Task directions
Only the lines from the one bearing "Undated Daily Planner" through the end of the listing belong in your response, restated word for word and without pictures.

+++ Data extract

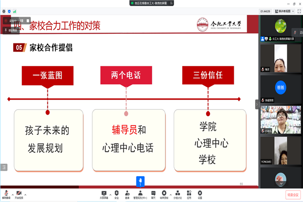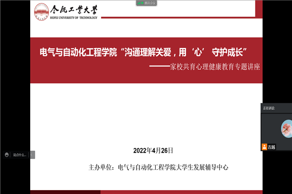 为向学生家长普及大学生心理健康知识,进一步发挥家校协同育人作用,4月26日晚,电气与自动化工程学院通过腾讯会议平台举办“沟通理解关爱,用‘心’守护成长”家校共育心理讲座。活动邀请学校心理健康教育与咨询中心骆贵老师主讲,2021级200余位学生家长参与活动。
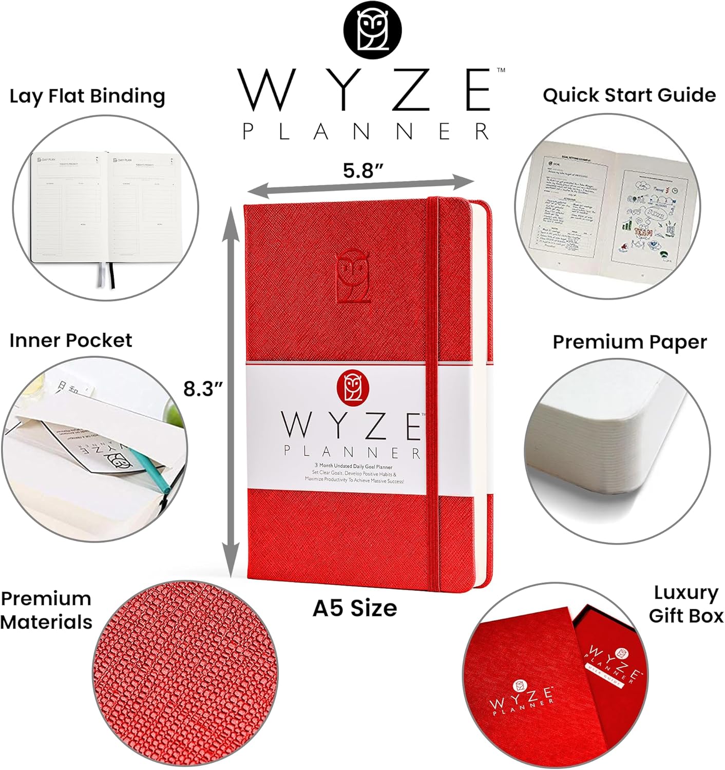 Undated Daily Planner – 3-Month A5 Productivity Organizer with Full Page Per Day, Hourly Schedule, Goal Setting, Habit Tracker, Weekly & Monthly Pages – Hardcover Time Management Notebook (Red)
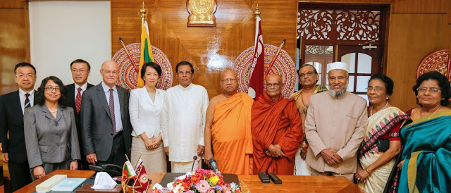 சமாதானத்திற்கான சர்வதேச சமய மாநாட்டின் பிரதிநிதிகள் குழு இன்று (21) முற்பகல் ஜனாதிபதியின் உத்தியோகபூர்வ இல்லத்தில் ஜனாதிபதி மைத்ரிபால சிறிசேன அவர்களை சந்தித்தனர். சகல இனங்களுக்கிடையேயும் சமாதானத்தையும் நல்லிணக்கத்தையும் கட்டியெழுப்புவதற்கு சகல சமயத் தலைவர்களினதும் உதவி அவசியமானது என ஜனாதிபதி இங்கு தெரிவித்தார்.

++++++

Exercise output
 Undated Daily Planner – 3-Month A5 Productivity Organizer with Full Page Per Day, Hourly Schedule, Goal Setting, Habit Tracker, Weekly & Monthly Pages – Hardcover Time Management Notebook (Red)
 சமாதானத்திற்கான சர்வதேச சமய மாநாட்டின் பிரதிநிதிகள் குழு இன்று (21) முற்பகல் ஜனாதிபதியின் உத்தியோகபூர்வ இல்லத்தில் ஜனாதிபதி மைத்ரிபால சிறிசேன அவர்களை சந்தித்தனர். சகல இனங்களுக்கிடையேயும் சமாதானத்தையும் நல்லிணக்கத்தையும் கட்டியெழுப்புவதற்கு சகல சமயத் தலைவர்களினதும் உதவி அவசியமானது என ஜனாதிபதி இங்கு தெரிவித்தார்.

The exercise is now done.